The Scientific Gaze and Mental Health

One more reflection continuing with my recent posts on the scientific gaze and nihilism.

The issues regarding science or, more properly, scientism and nihilism are not merely philosophic, they profoundly impact mental health as well.

Again, from my last post, the "scientific gaze," viewing life in wholly materialistic terms, bleaches the world of meaning and value. And as should be obvious, a world devoid of meaning and value is going to negatively affect one's mental health. The scientific gaze causes mental illness. 

This is true. For example, as a progressive Christian blogger who became known as one of those those who welcomed and embraced doubt and deconstruction, I have routinely received over the years emails and requests for conversation from believers who had, on their own journey of doubt and deconstruction, given themselves over to the scientific gaze. They had read so many popular science books and New Atheist books that they had come to view life in wholly materialistic terms, existence reduced to the laws of chemistry and physics. And what these people shared with me, as a result of this journey, were mental health problems. Life now devoid of meaning, they had become depressed and suicidal. Some, in coming to view themselves as a biological machine, came to the conclusion that they didn't have free will and lost a sense of self-agency and self-authorship. As a result, they started to have panic attacks.

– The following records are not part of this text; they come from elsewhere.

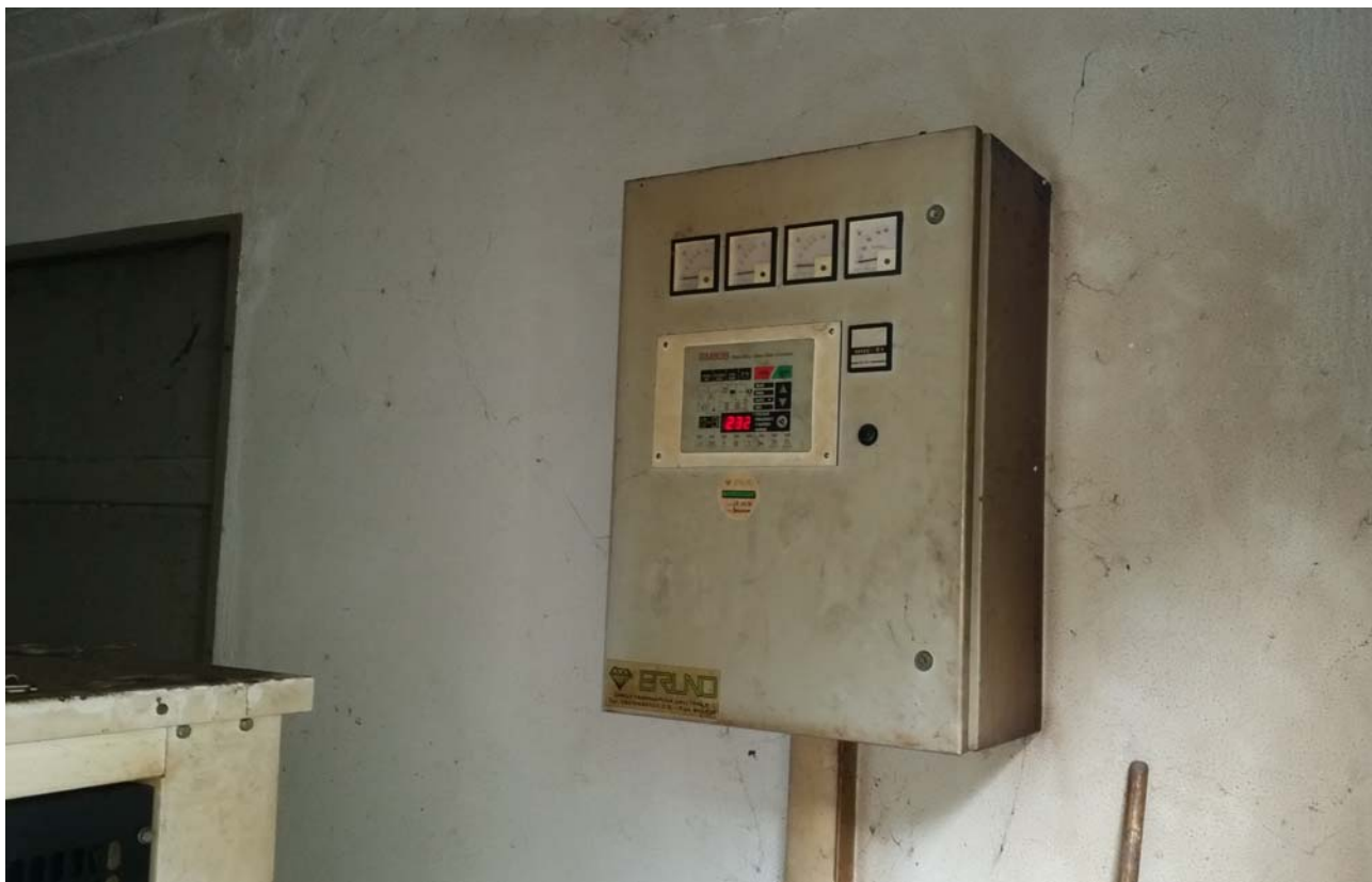
Fotografia 05 – Misuratore Enel e quadri elettrici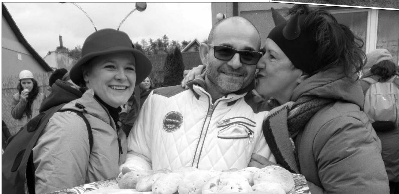
Vyhlášený Poberounský masopust se konal 26. února v Zadní Třebani. (Viz strana 13)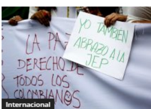
Inicio del 2021 es el más violento desde la firma del acuerdo: JEP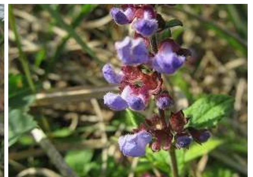
アキノタムラソウ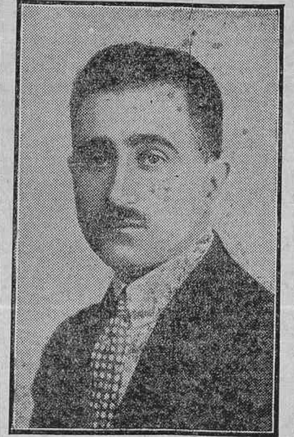
EL MAESTRO MORENO TORROBA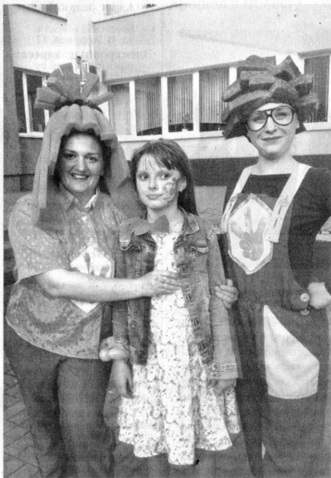
Сказочные персонажи развлекали ребят в Парохонске.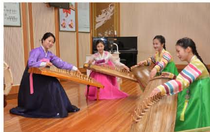
万景台学生少年宫的艺术小组员们在辅导教师的积极辅导下学习艺术技巧。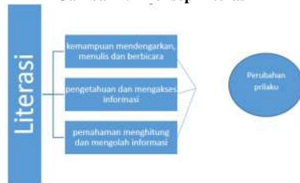
Gambar 2.1 Konsep Literasi

Berdasarkan gambar 1.2 disimpulkan literasi merupakan kemampuan, pengetahuan dan pemahaman yang dimiliki oleh individu terhadap sesuatu hal yang akan mengubah perilaku individu tersebut (Pusat Kajian Sratigis: 2019).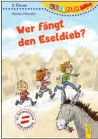
ISBN 978-3-7074-2578-9 2. Klasse, ab 6/7 Jahre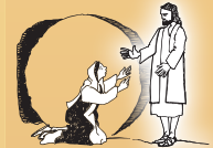
부활 및 막달라 마리아에게 나타남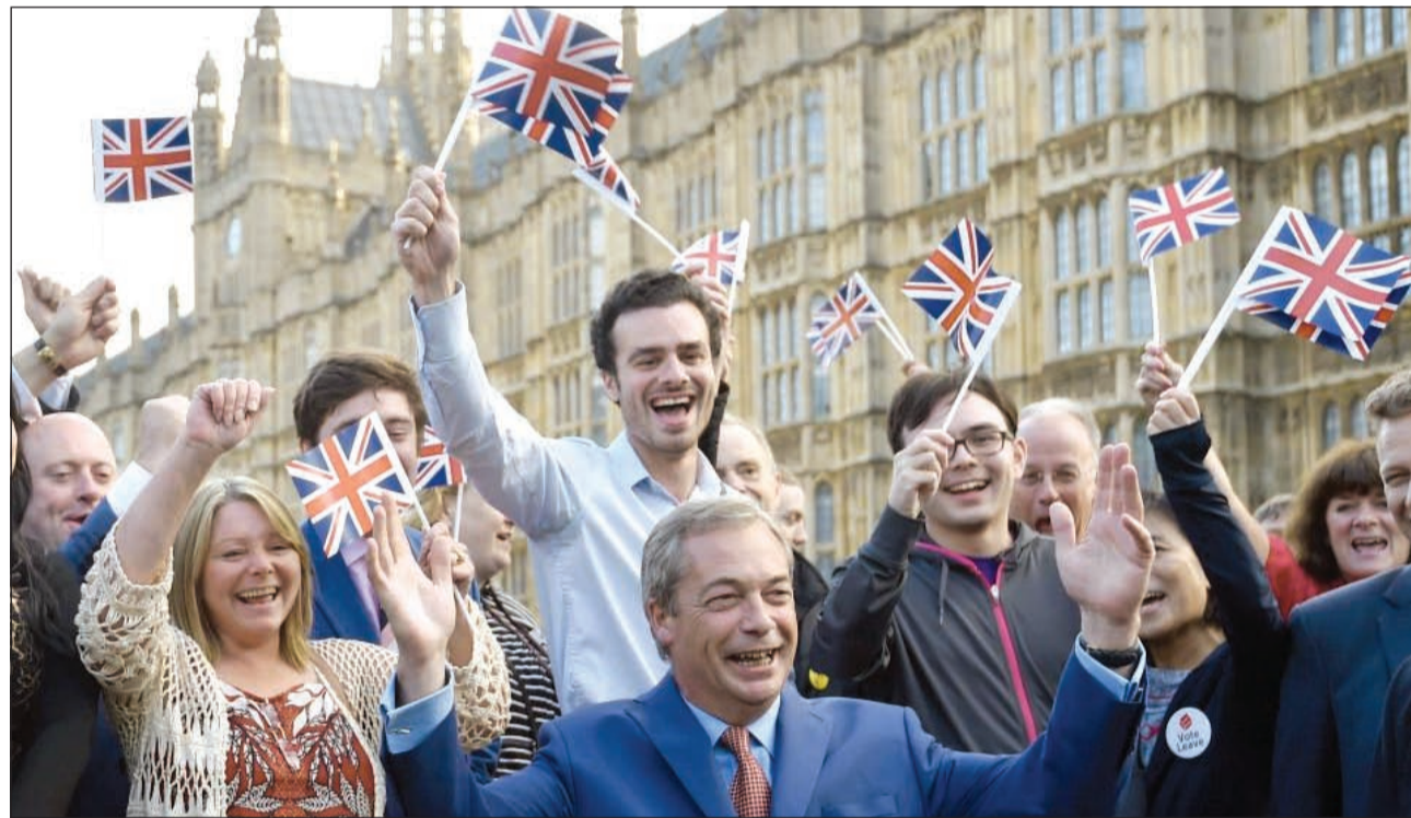
زعيم حزب استقلال المملكة المتحدة نيجل فراغ يحتفل مع انصاره بخروج بريطانيا

As I described in the last post, the scientific gaze had bleached their world of value and meaning, even of their own agency. The world had become a machine, and they became machine within it. And looking into that cold, deterministic clockwork they had become psychologically unmoored. They were no longer human. They became depressed, suicidal, and alienated from themselves, their loved ones, and the world. The scientific gaze had caused mental illness.